Ms Bhutto, who has powerful opposition from fundamentalists at home, admitted that the Taliban was a "militant" organisation whose effect on women and on the more liberal atmosphere in Pakistan would have to be considered. "We will find out whether it is a tribal movement, or whether it is an expression of people's desire for peace," she said. "We have to let Afghans determine their own future, whether it is good, bad or ugly."

The Pakistani government, she said, had wanted a peace brokered by the United Nations and the West, but international attention had been diverted by other conflicts such as Bosnia's, leaving a vacuum which the Taliban had filled . "Let us now see if they can bring peace to Afghanistan for the first time since 1979."

Pakistan has long wanted to open trade routes across Afghanistan to the developing economies of central Asia, and suspicions remain that Islamabad's Inter Services Intelligence organisation, which frequently operates outside civilian control, backed the Taliban. Ms Bhutto said there would be economic benefits if the region were more stable, but added: "We didn't expect the Taliban to take over Kabul."

In many ways, the Taliban might be more acceptable to Islamabad and even to Washington than they are to the majority of Afghans. With unseemly haste, the Clinton administration has also given support to the Taliban, even as the corpse of former dictator, Najibullah - supposedly under UN protection - was still dangling from a Kabul lamppost.

Diplomats in Islamabad and New Delhi said that the Americans are not displeased by the Taliban conquest of Kabul, despite the refusal of the militia's ruling six-man council to behave according to the minimum acceptable norms on human rights.

Washington views the Taliban as useful in preventing the spread of Islamic revolution from neighbouring Iran, since Kabul's new lords belong to the Sunni sect and consider the Shia of Iran to be little better than heretics.

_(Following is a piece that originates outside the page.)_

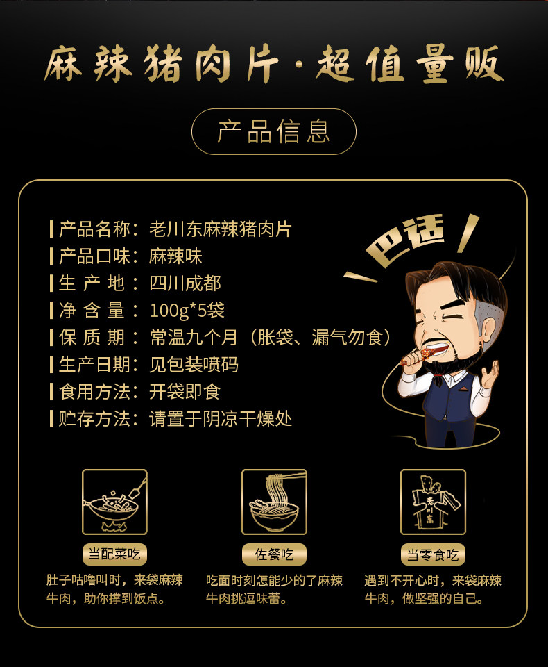 老川东麻辣猪肉片 100g*3袋

Washington also looks upon the Taliban as useful allies in the international war against drugs.

The Clinton administration is also counting on the 20,000-strong Taliban militia to also deal harshly with the various Islamic revolutionaries and terrorists, from the Middle East, the Gulf and even Chechnya, who have been using Afghanistan as a sanctuary and arms bazaar.

Yet the Taliban may prove to be dangerous partners for the West and for Pakistan. Instead of containing Iran's thrust into South and Central Asia, the Taliban's extremism may provoke it. A large Shia community known as the Hazaras lives in Kabul and central Afghanistan, and Iran is worried that these Shia might fall under the Taliban's persecution. If this happens, Iranian forces might be drawn militarily into Afghanistan. Pakistan, which supports the Taliban, might then spring into the fray.

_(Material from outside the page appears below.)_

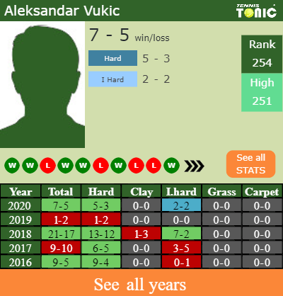 Vukic has a winning record in the last 6 years having won 56% of his matches (63-50). 2-2 on indoor hard courts in 2020. In connection with his performance on the same surface of this competition, Vukic has a 49-41 record in the last 6 years on indoor hard courts.
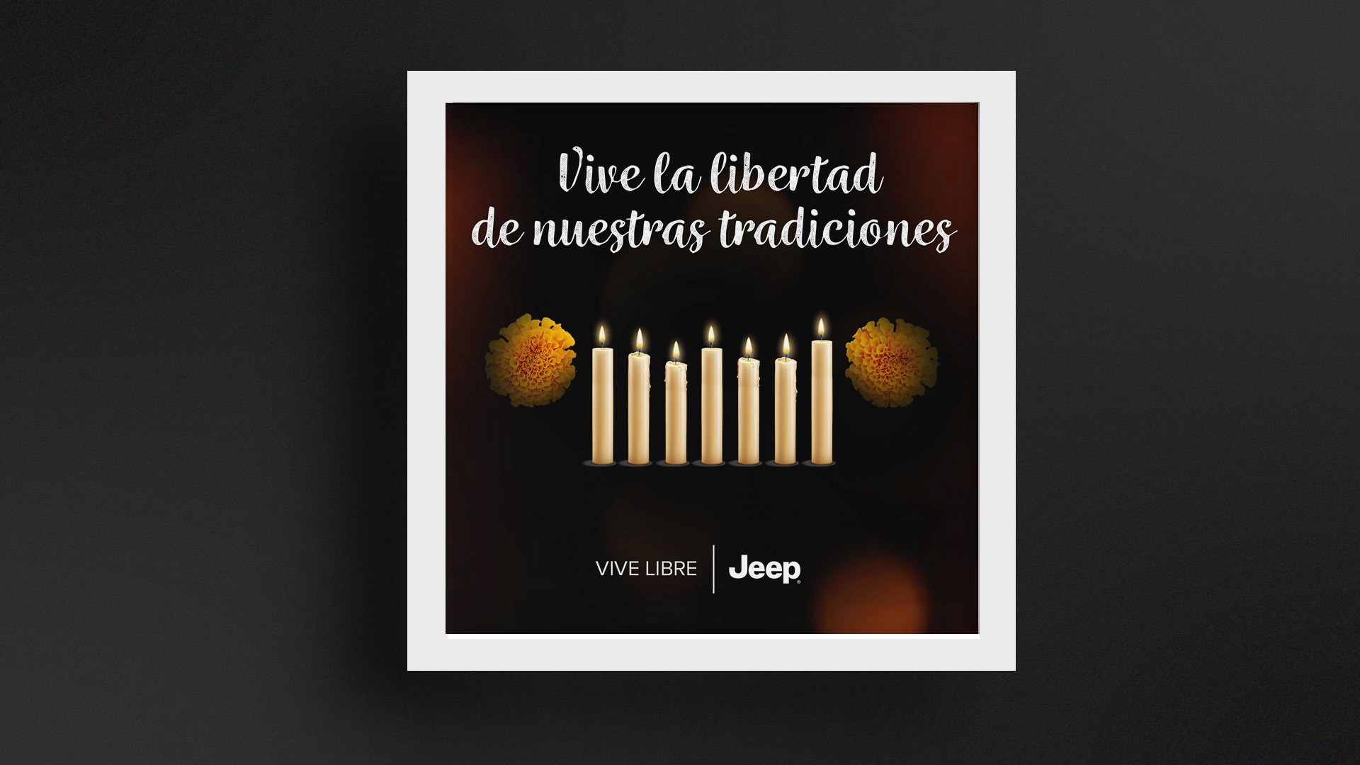 Animated papel picado featuring the iconic Jeep grille, honoring Mexican traditions, and soccer partnership: Dynamic social series connecting Jeep’s spirit to Mexico’s passion for football.

Several opium lords were executed by the Taliban, but drug enforcement experts claim that last year Afghanistan flooded the European, US and Eastern markets with over $75bn (pounds 48bn) of heroin. Much of this poppy was harvested in fields under the Taliban's supposed command.

The Taliban believe in wielding the sword - or Stinger missile - in Allah's name. India is worried that the Taliban might soon export its holy warriors into Kashmir.